Meredith Ochs is an American radio commentator, DJ, author, journalist and musician. She is a Gracie Award honoree for her work in radio.

Ochs is a commentator for National Public Radio's All Things Considered and has appeared on Talk of the Nation. She was a frequent guest on All Songs Considered.

Ochs is the author of three books, Rock-and-Roll Woman (Sterling, 2018), Aretha: The Queen of Soul, and Bruce Springsteen: An Illustrated Biography (Quarto, 2018). She contributed to the Belmont award-winning Woman Walk the Line: How the Women in Country Music Changed Our Lives (UT Press, 2017).

Ochs is a talk show host at Sirius XM Satellite Radio.

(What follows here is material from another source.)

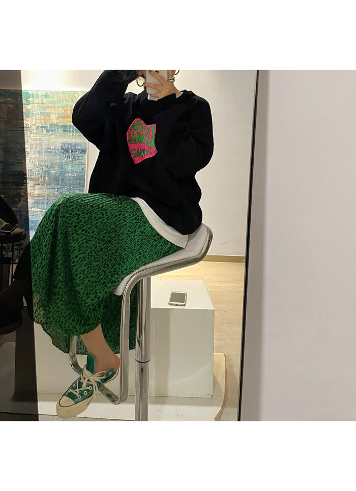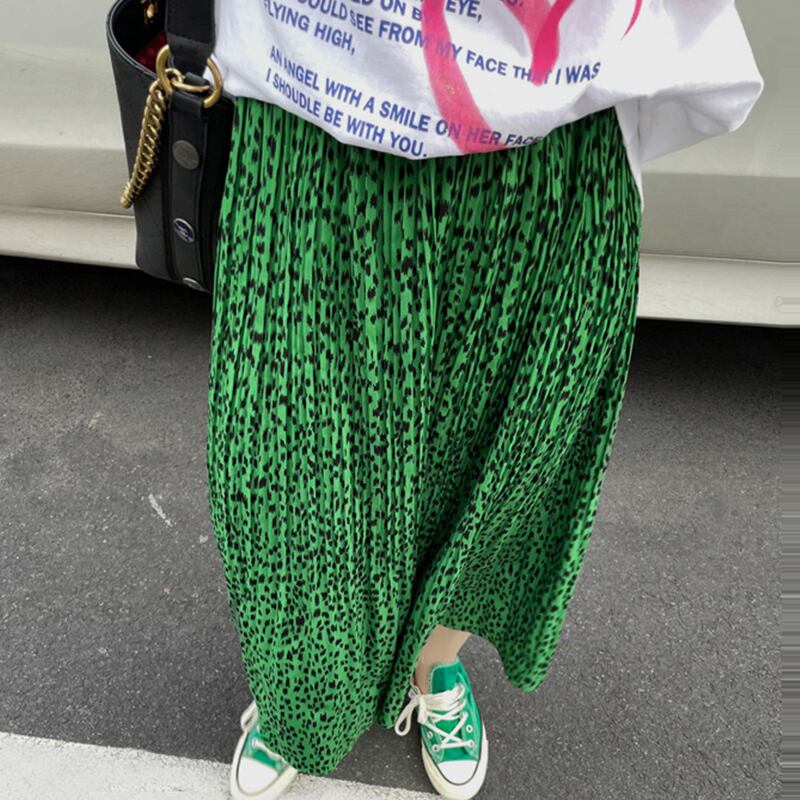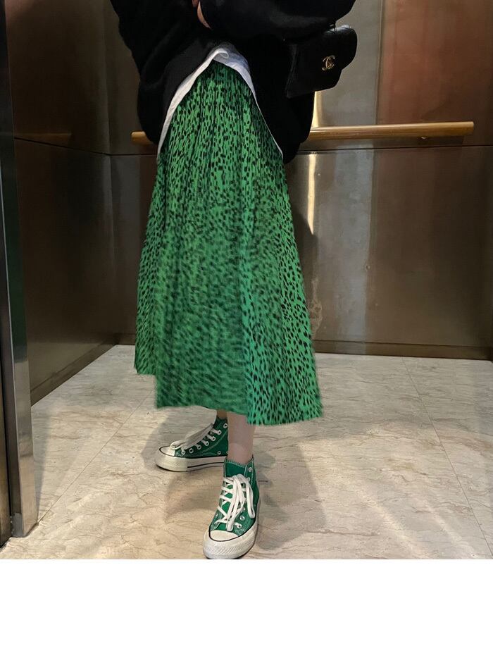 【韓国ファッション】大人可愛い オータムスタンダードストレッチハイウェストウェストグリーンレオパードプリーツスカート ロング レトロ エラスティック 伸縮 秋物 ♡ 韓国63203705530 | パリジェンヌ、韓国系ファッション July

Her program Freewheelin aired weekdays 11 am – 2 pm ET (replayed weeknights 8–11 pm ET, Saturday and Sunday 11 am – 2 pm ET). Ochs also hosts a music show on the Outlaw Country channel, Mondays and Tuesdays 8 pm – midnight ET.

Ochs was a contributing editor and writer at Guitar World magazine. Her writing has appeared in numerous other publications, including Entertainment Weekly, Rolling Stone, Salon.com, the Boston Phoenix, the Houston Chronicle and New York Magazine. Her photographs have appeared in Guitar World, Experience Hendrix and other publications.

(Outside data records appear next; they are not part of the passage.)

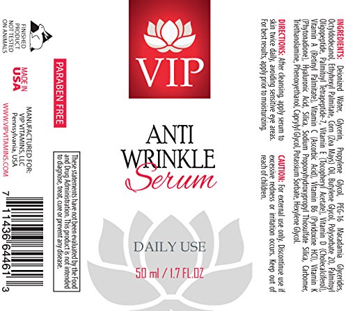 Studio : VIP VITAMINS Publisher : VIP VITAMINS Binding : Misc. Product Description Face toner women - ANTI WRINKLE SERUM - Anti aging skin serum - 6 Bottles ANTI WRINKLE SERUM - WRINKLE REMOVER: Provides natural support to and rejuvenates your skin to prevent, reduce and eliminate Our product's potent and highly concentrated formula was specifically designed to: A. Provide natural skin support B. Repair and rejuvenate your skin C. Prevent, reduce, and remove wrinkles D. Prevent and slow down premature aging of the skin E. Restore elasticity and firmness to the skin ANTI WRINKLE SERUM - ELASTIC HEALTHY SKIN: Is beneficial for transform aging areas of your skin, especially around your eyes and affected by into a shining, clean, elastic and healthy skin. Our highly formulated formula hydrates the skin, provides all around care and protection to the eye area. ANTI WRINKLE SERUM - ANT-AGING SKIN HEALTH: Gives your skin in the delicate eye area a chance to prevent and combat premature aging naturally! DIRECTIONS: After cleansing, apply serum to skin twice daily, avoiding sensitive eye areas. For best results, apply prior to moisturizing. CAUTION: For external use only. Discontinue use if excessive redness or irritation occurs. Keep out of reach of children. Our Product has not been tested on animals! 0
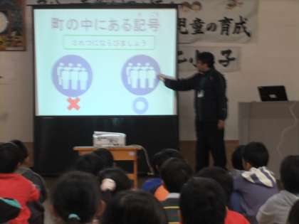 今日の朝会は、作文にがんばったお友だちの表彰と、教頭先生のお話でした。さまざまな記号がさまざまに工夫されてあることがわかって、子どもたちも意欲的に感想を発表していました。
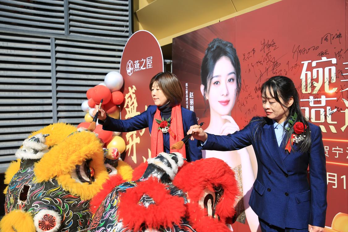 致辭結(jié)束后,現(xiàn)場(chǎng)領(lǐng)導(dǎo)與嘉賓上臺(tái)剪彩,一同剪下手中的金色綢帶,掀開(kāi)燕之屋寧波慈溪旗艦店的嶄新篇章。隨著金剪開(kāi)剪,彩帶飄揚(yáng)、祥獅吐瑞,燕之屋寧波慈溪旗艦店正式啟幕。開(kāi)業(yè)盛典上,鼓聲響起,獅頭威武雄壯、獅身矯健剛勁,為開(kāi)業(yè)典禮增添了壯麗氣勢(shì),賦予新店無(wú)限希望與活力。在現(xiàn)場(chǎng)來(lái)賓的見(jiàn)證下,兩位領(lǐng)導(dǎo)共同為燕之屋寧波慈溪旗艦店進(jìn)行了點(diǎn)睛儀式。

Ochs plays guitar, sings and writes songs for the Damn Lovelys. Their debut, Trouble Creek, was released on Philadelphia indie label, Dren Records, in 2004 and earned them an appearance on "Mountain Stage", the internationally syndicated PRI radio program, the following year. She also played bass and sang with New Orleans-born R&B/soul singer Jesse Thomas (known as "Young Jesse" when he worked with Huey "Piano" Smith, Earl King and other New Orleans performers). She periodically performs with blues/R&B band Miss Lucy & Walker Blue, along with Brazilian harmonica player Alex "Pardal" Siclari and members of Eaglemania, The Porchistas and the Zydeco Revelators.

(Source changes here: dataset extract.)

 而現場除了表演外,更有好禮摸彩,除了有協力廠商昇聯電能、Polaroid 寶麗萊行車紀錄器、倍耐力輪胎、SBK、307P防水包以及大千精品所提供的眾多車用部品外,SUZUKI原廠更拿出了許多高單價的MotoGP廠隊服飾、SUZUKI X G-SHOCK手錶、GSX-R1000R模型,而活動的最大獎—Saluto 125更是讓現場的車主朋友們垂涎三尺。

For more than a decade, Ochs hosted a weekly show, "Trash, Twang and Thunder," on freeform radio station WFMU. The show focused on American roots music: country, blues, soul, R&B and bluegrass, and often featured live performances by artists including Son Volt's Jay Farrar, country singer Pam Tillis, and Allman Brothers alumnus Derek Trucks. Ochs later co-hosted with and filled in for WFMU alum Vin Scelsa at WFUV, where she worked part-time as a DJ. Ochs also worked at WNYC and WXRK (K-Rock) in New York City, as well as the ABC Radio Network.

Two characters in the children's book series The Trouble with Chickens by author Doreen Cronin, are named after Ochs and her husband.